* About this task
Beginning with the line that contains "先選湯底,有日式昆布、雞湯、", retype the entries below exactly, ending with the line that contains "Ceiling Light, Black/Walnut". Leave out any pictures.
─── Provided data
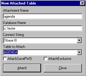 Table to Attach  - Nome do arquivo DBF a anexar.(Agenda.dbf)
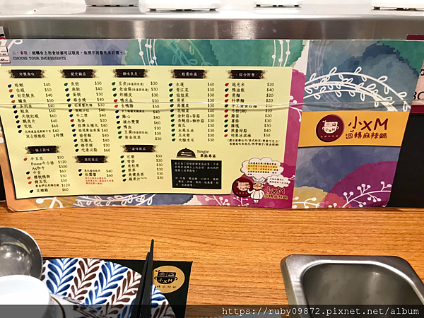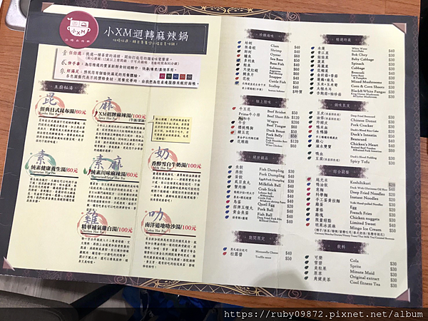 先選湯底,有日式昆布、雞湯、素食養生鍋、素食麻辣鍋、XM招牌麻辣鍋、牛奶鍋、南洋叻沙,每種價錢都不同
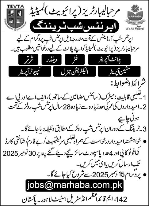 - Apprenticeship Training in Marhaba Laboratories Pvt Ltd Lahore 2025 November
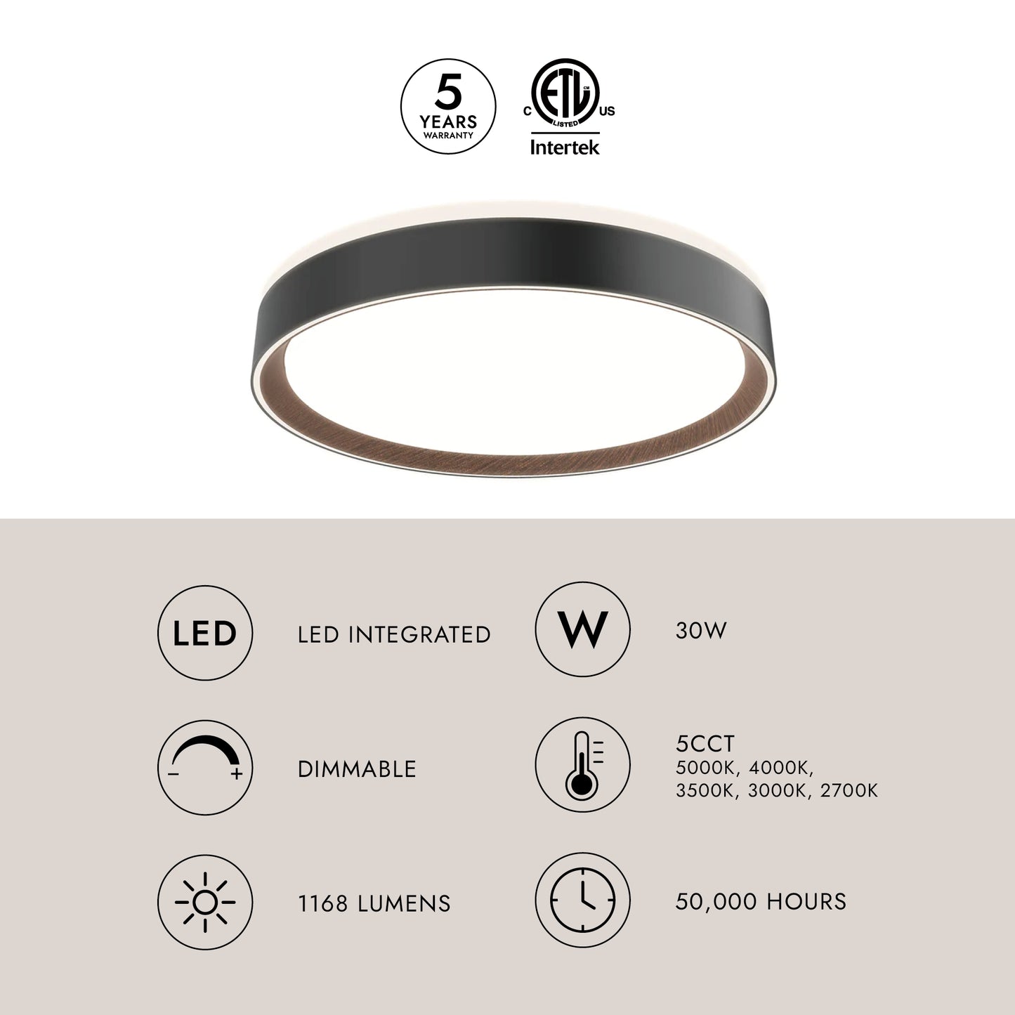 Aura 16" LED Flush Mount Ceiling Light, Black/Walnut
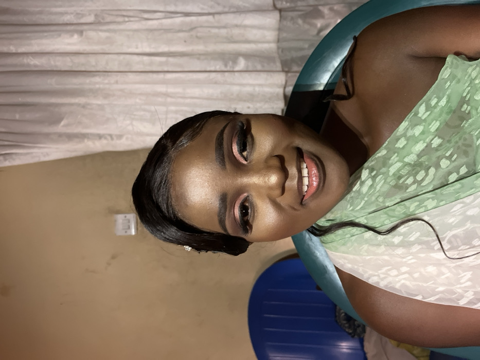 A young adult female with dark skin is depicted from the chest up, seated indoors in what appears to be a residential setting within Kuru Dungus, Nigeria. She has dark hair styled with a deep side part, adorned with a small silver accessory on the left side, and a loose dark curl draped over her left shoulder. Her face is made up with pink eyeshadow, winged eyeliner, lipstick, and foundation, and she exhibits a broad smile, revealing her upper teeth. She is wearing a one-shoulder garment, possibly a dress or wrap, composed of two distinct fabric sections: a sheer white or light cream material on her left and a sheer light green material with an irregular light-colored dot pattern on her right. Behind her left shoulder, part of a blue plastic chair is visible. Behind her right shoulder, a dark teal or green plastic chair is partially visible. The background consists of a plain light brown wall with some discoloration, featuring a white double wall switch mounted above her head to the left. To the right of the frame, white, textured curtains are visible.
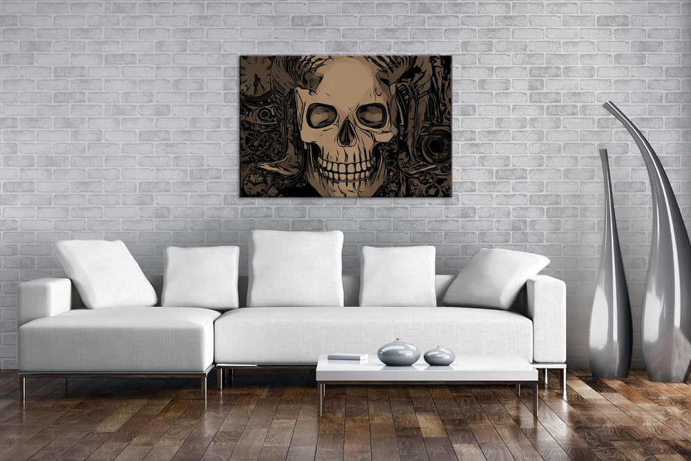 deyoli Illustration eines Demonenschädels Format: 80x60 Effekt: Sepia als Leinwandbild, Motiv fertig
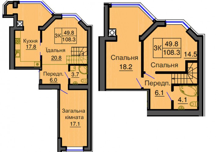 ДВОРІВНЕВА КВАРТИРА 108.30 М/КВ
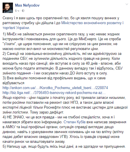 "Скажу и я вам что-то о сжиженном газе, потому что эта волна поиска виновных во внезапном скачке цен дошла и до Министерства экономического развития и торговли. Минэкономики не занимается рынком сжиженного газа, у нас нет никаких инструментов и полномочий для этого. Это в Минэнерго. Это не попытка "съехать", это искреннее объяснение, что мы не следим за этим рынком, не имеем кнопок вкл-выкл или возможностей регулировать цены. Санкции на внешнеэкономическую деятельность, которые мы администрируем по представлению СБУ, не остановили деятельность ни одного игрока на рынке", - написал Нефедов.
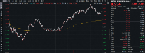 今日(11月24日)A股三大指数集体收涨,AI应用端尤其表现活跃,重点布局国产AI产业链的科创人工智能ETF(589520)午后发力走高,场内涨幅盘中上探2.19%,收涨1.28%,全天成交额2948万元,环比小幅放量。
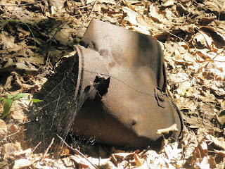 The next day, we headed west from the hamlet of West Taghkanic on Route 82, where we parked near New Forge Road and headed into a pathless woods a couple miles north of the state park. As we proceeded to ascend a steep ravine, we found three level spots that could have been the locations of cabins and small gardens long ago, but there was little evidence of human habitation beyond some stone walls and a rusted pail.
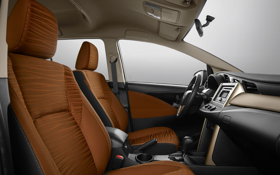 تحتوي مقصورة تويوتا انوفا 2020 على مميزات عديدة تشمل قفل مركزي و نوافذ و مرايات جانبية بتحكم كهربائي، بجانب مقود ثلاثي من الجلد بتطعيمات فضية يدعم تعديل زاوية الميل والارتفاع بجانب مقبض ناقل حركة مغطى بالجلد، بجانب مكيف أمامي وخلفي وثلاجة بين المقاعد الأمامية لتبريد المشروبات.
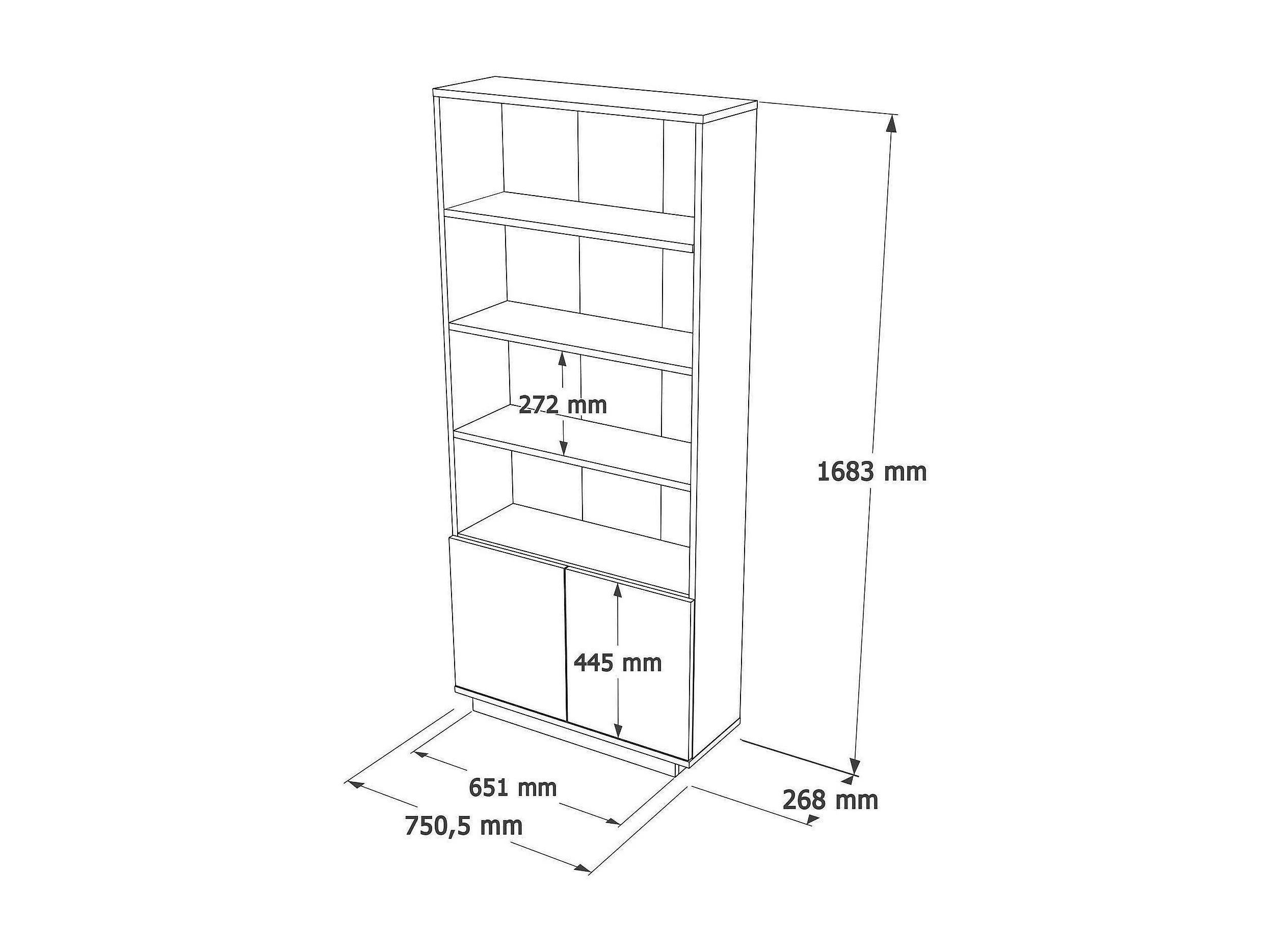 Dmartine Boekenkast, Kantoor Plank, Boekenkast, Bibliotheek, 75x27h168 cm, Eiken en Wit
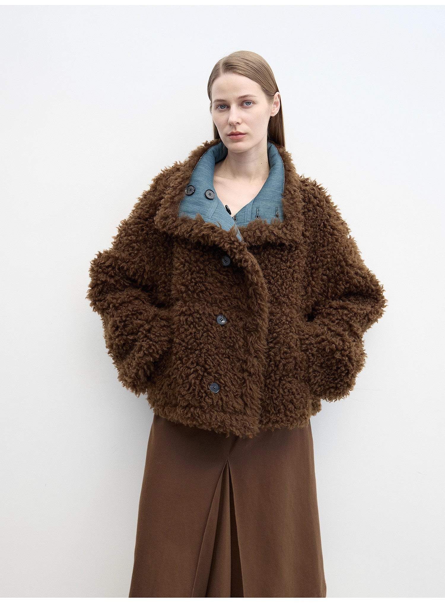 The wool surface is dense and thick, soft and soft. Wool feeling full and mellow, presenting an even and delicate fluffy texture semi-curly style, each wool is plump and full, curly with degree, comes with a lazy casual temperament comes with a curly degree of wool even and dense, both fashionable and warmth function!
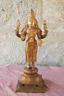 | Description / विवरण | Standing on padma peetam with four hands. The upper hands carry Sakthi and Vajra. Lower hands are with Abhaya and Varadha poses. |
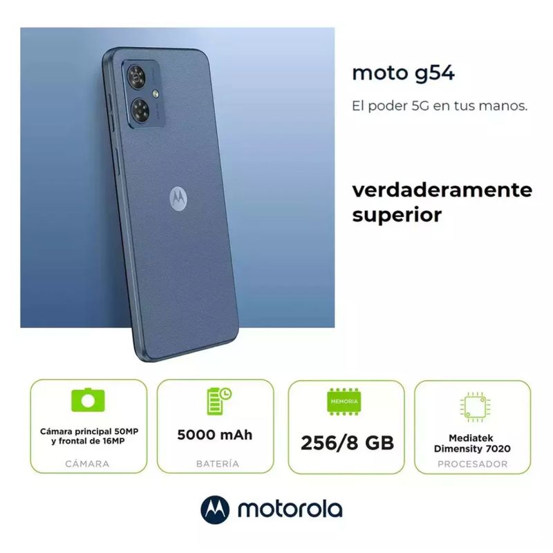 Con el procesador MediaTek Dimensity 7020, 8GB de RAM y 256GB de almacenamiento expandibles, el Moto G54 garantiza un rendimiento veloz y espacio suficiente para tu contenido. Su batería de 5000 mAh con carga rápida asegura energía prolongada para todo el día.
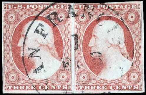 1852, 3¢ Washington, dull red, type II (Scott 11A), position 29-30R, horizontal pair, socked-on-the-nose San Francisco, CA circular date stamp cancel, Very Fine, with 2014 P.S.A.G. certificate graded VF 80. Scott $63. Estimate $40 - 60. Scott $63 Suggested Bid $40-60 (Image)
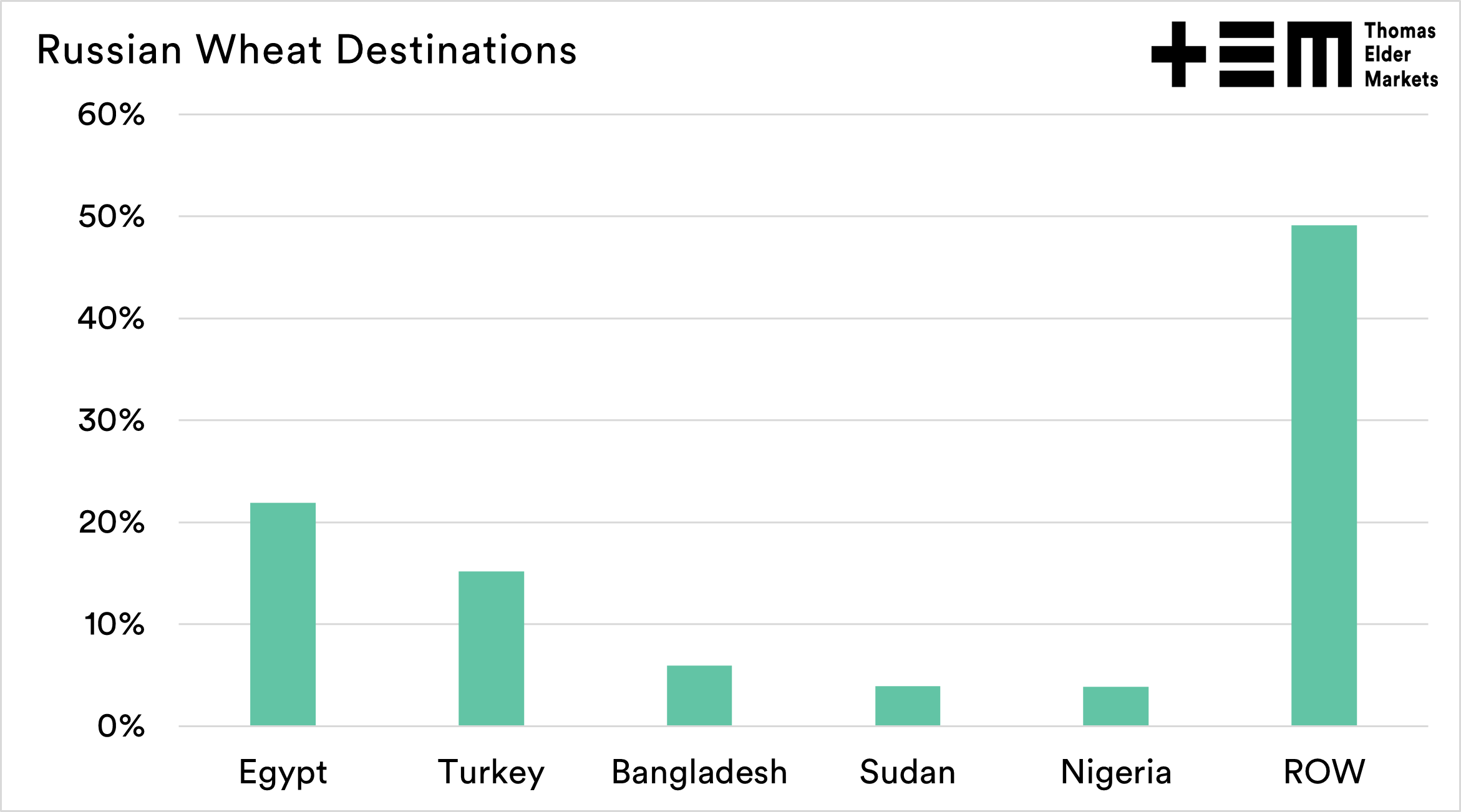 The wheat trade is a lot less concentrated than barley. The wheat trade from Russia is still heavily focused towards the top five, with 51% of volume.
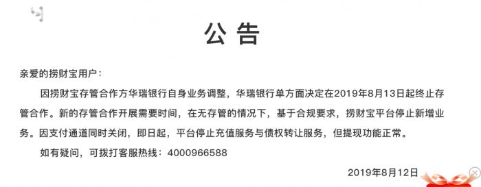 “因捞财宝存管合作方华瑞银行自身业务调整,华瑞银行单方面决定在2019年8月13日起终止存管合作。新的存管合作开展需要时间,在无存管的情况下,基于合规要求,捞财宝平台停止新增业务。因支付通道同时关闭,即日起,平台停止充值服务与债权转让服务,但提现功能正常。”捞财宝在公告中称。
──────
* Response box
 先選湯底,有日式昆布、雞湯、素食養生鍋、素食麻辣鍋、XM招牌麻辣鍋、牛奶鍋、南洋叻沙,每種價錢都不同
 - Apprenticeship Training in Marhaba Laboratories Pvt Ltd Lahore 2025 November
 Aura 16" LED Flush Mount Ceiling Light, Black/Walnut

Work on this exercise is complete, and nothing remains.